Wie geht es bis 2030 weiter?

Das Vorankommen in den einzelnen Projekten und Fachministerien soll permanent überprüft und 2025 ein Zwischenbericht mit Meilensteinen vorgelegt werden, kündigte Digitalisierungsminister Alexander Schweitzer (SPD) an. Dafür werde auch ein Digitalrat mit Vertretern aus der Zivilgesellschaft, der Wirtschaft und der Wissenschaft unter seiner Leitung eingerichtet. «Der Dialog wird zur Standardsäule unserer Digital-Strategie.» Es gehe um eine «atmende Strategie» und ein «permanentes Drehbuch zu noch mehr Digitalisierung für die Menschen».

Wie ist die Strategie entstanden?

Die rheinland-pfälzische Landesregierung hat ihre vor fünfeinhalb Jahren vorgestellte «Strategie für das Digitale Leben» weiterentwickelt. Digitalisierungsminister Alexander Schweitzer (SPD) hatte das neue Konzept vor knapp einem Jahr im November angekündigt. Die Strategie sei seither in einem breiten Beteiligungsprozesses fortgeschrieben worden. Das Ziel: Den digitalen Wandel aktiv gestalten und die Chancen nutzen, aber niemanden vergessen.

Wie bewertet die Wirtschaft die Strategie?

Der Hauptgeschäftsführer der Landesvereinigung der Unternehmerverbände (LVU), Karsten Tacke, sagte: «Viele Probleme, die den hiesigen Wirtschaftsstandort derzeit stark belasten, könnten mithilfe der Digitalisierung zeitnah gelöst werden.» Die «überbordende Bürokratie und die viel zu langsamen Planungs- und Genehmigungsverfahren» nannte er als Beispiele. «Ein stärke digitale Verzahnung und Zentralisierung der behördlichen Strukturen und Prozesse würden an diesen Stellen für spürbare Entlastungen sorgen.» Die Folgen des anhaltenden Digitalisierungsdefizits hätten sich zuletzt auch an einer zurückgehenden Gesamtwirtschaftsleistung in Rheinland-Pfalz gezeigt.

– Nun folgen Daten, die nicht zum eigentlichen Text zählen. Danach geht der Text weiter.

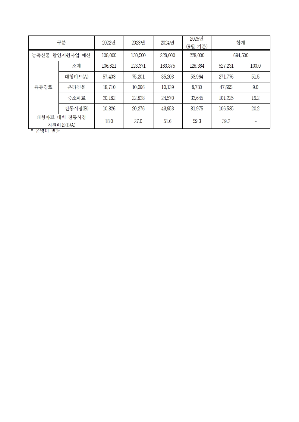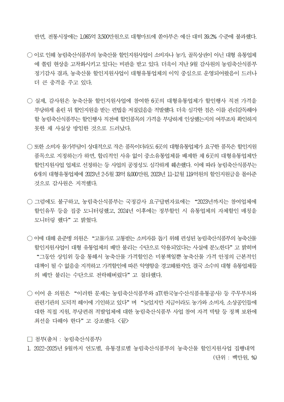 251018 [윤준병 의원 국정감사 보도자료] 윤준병 의원 “대형마트 배만 불리는 농식품부의 농축산물 할인지원사업!”.hwp

Und wie sehen es die Gewerkschaften?

«Die Gewerkschaften erkennen in dem Papier den notwendigen Blick für Mitbestimmungs- und Teilhabestrukturen der Beschäftigten bei der Ausgestaltung der Digitalisierung», sagte die Landesvorsitzende des DGB, Susanne Wingertszahn. Am Ende zähle aber die konkrete Umsetzung. Der DGB werde sich gerne im Digitalrat einbringen. Positiv sieht sie auch, dass der Arbeitsschutz, das betriebliche Gesundheitsmanagement und die betriebliche Mitbestimmung in der Strategie explizit erwähnt und deren Einhaltung einer politischen Aufgabe gemacht würden. Die Digitalstrategie könne zur Behebung des Fachkräfteengpasses beitragen. «In den Fokus rücken muss insbesondere die Steigerung der Qualität der dualen Ausbildung durch die Digitalisierung.»

Was fordert die Opposition?

Nach Ansicht der CDU geht es viel zu langsam. «Während viele von uns zu Hause smart leben und in kleinen und großen Unternehmen viele Dienstleistungen nahezu vollkommen digital erledigt werden, verweilt die Landesregierung im Zeitalter des Faxes», kritisierte der digitalpolitische Sprecher Peter Moskopp. «Beispielsweise mit Blick auf das Onlinezugangsgesetz (OZG) hätten wir uns von den SPD-geführten Ministerien auf Landes- und Bundes-Ebene eine viel stärkere Hands-on-Mentalität gewünscht!» Schweitzer und Bundesinnenministerin Nancy Faeser hätten das Thema schleifen lassen.